Available data
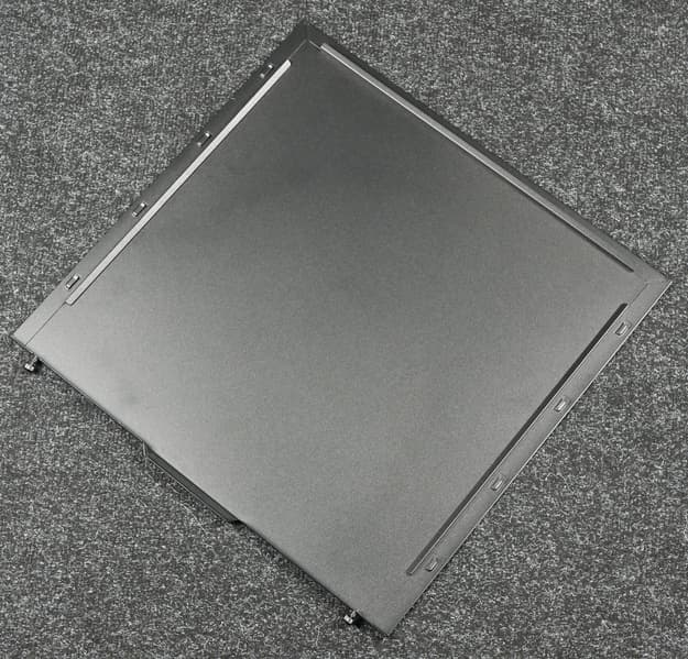 Масса корпуса составляет 7,64 кг, из них 2,09 кг весит стеклянная стенка и около 1,04 кг — стальная. То есть если бы обе стенки корпуса были стальными, он весил бы 6,59 кг. Жесткость конструкции не самая высокая, но вполне достойная.
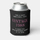 Fun black can cooler party favour for her 40th birthday party. "Take a Shot She's Still Hot" is written in white typography and "Vintage" and the year she was born is in elegant pink typography. Personalise with her name and party date.
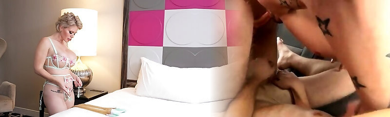 Fellow plows older blonde's shaved pussy in lingerie deep

Exercise instructions
Everything in the data above, apart from the pictures, should be retyped exactly.

Task answer
 Масса корпуса составляет 7,64 кг, из них 2,09 кг весит стеклянная стенка и около 1,04 кг — стальная. То есть если бы обе стенки корпуса были стальными, он весил бы 6,59 кг. Жесткость конструкции не самая высокая, но вполне достойная.
 Fun black can cooler party favour for her 40th birthday party. "Take a Shot She's Still Hot" is written in white typography and "Vintage" and the year she was born is in elegant pink typography. Personalise with her name and party date.
 Fellow plows older blonde's shaved pussy in lingerie deep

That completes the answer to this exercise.